L'absence
J'ai beaucoup aimé, parmi les oeuvres exposées lors de cette nouvelle "Quinzaine photographique nantaise", la série "Growth" présentée par la photographe Wilma Hurskainen. C'est un projet tout simple en apparence : la photographe et ses trois soeurs devenues adultes ont rejoué, plusieurs années durant, les rôles que leur avait assignés leur père, sur les photos de famille de leur enfance. Puis les photos ont été montées côte à côte, la vieille photo prise par le père à gauche, et la nouvelle à droite, du côté de la page qu'il faudra bientôt tourner.
Tout l'intérêt bien sûr réside dans la somme des décalages, évidents ou subtils, qui traduisent la "croissance" et le détachement progressif des êtres emportés par le temps : l'enfant est devenue femme, le regard rêveur est devenu un regard pensif, le sourire heureux s'est un peu figé, et il faut se serrer se gêner s'écraser pour tenir encore à quatre dans l'espace où chacune autrefois trouvait si naturellement sa place.
Mais l'image qui m'a semblé la plus juste, la plus profonde, c'est celle de l'absence.
Le grand-père mort ne pouvait plus prendre place sur le canapé, comme avant... Alors elles, tout simplement, se sont assises toutes serrées près de sa forme absente. Souriantes, malicieuses et joueuses, assises sans paraître le remarquer tout contre ce grand vide qu'avait laissé le mort.
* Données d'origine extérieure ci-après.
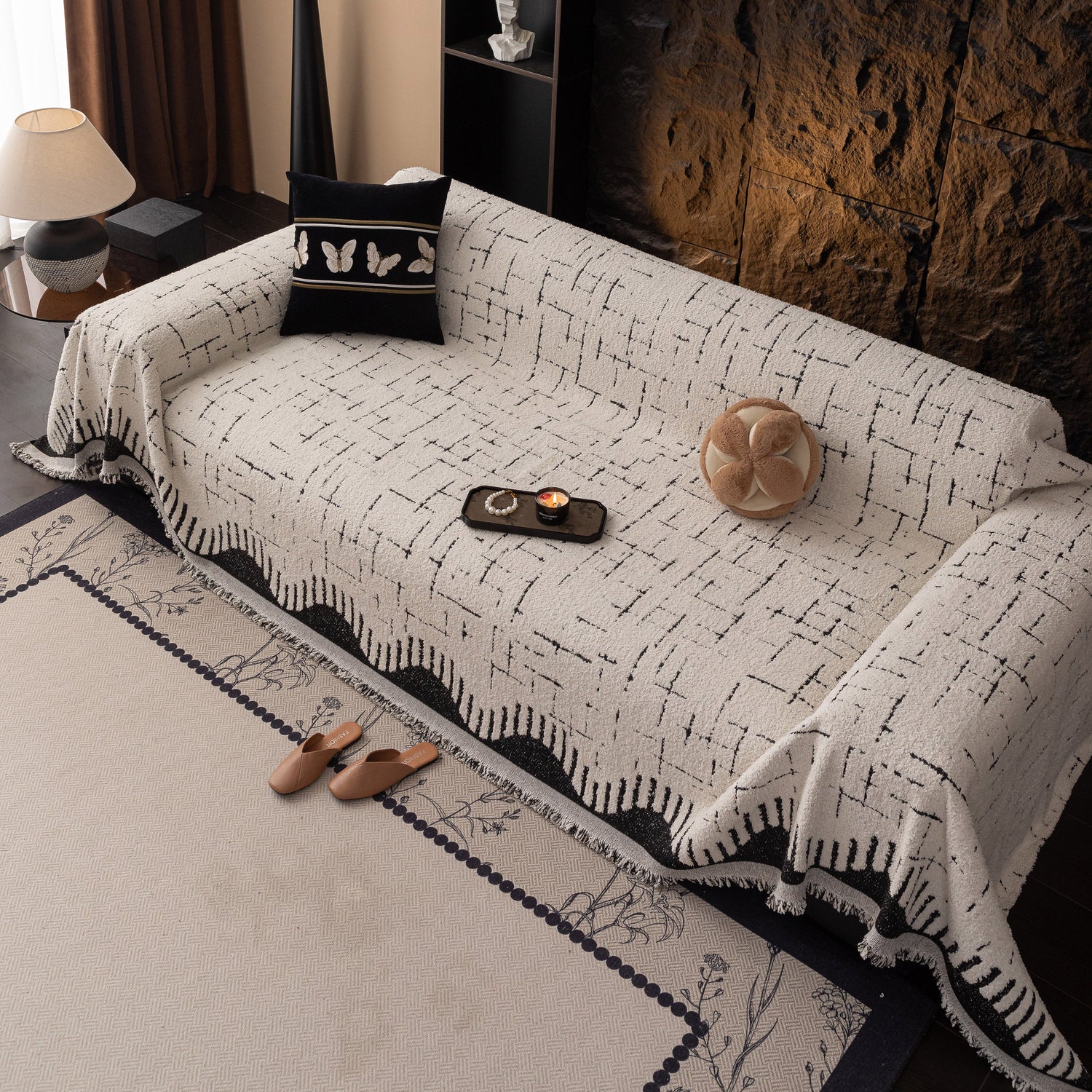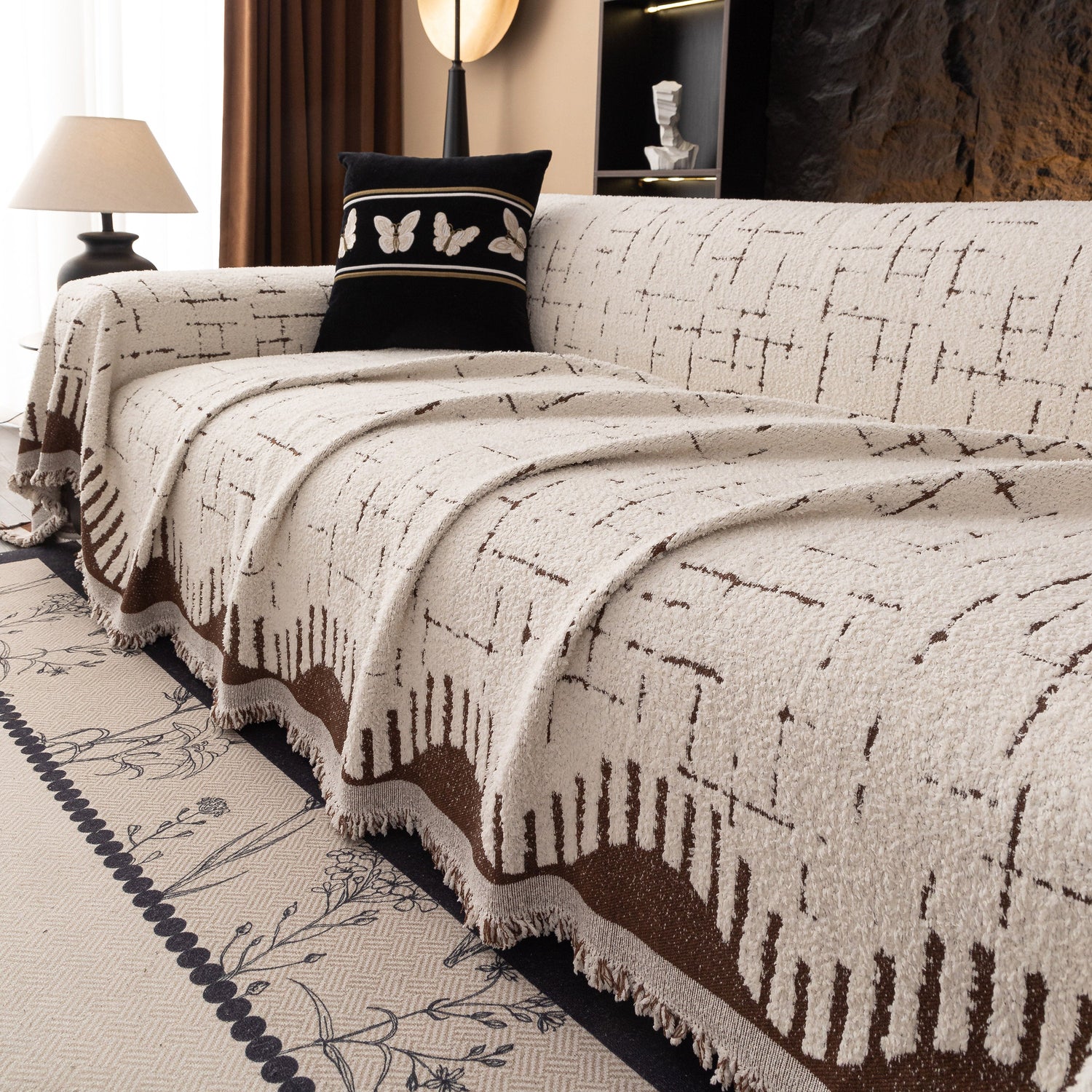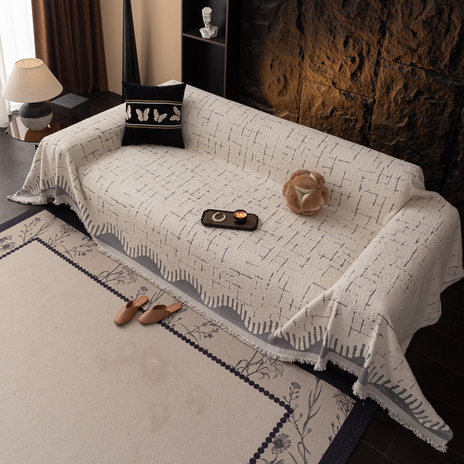 This woven chenille sofa cover throw offers a simple and textured look suitable for a variety of interiors. Made from soft chenille polyester, it functions both as a decorative accent and as a practical furniture slipcover to help protect your sofa from dust, light wear, or pet hair. The fabric has a medium weight with a subtle woven pattern that adds depth without being overly bold. Designed to drape across loveseats, couches, or sectional sofas, it can also be used as a lightweight throw blanket when needed.

Et c'est bien ainsi, ainsi que cela se passe, toujours. Lorsque quelqu'un qu'on a aimé disparaît. On continue, et c'est comme si le mort n'était plus rien, puisque tout peut continuer. On accomplit tous les gestes qu'exige la vie, ce grand metteur en scène, et on sourit au photographe, puisqu'il faut bien jouer le jeu. Mais lorsqu'on développe la photographie, on s'aperçoit que l'absent est toujours à sa place. Qu'on s'appuie contre l'ombre disparue, qu'on se tient près de son absence comme au bord d'un vide si bien rempli de lui-même qu'il nous soutient de tout son être – mieux qu'aucune présence.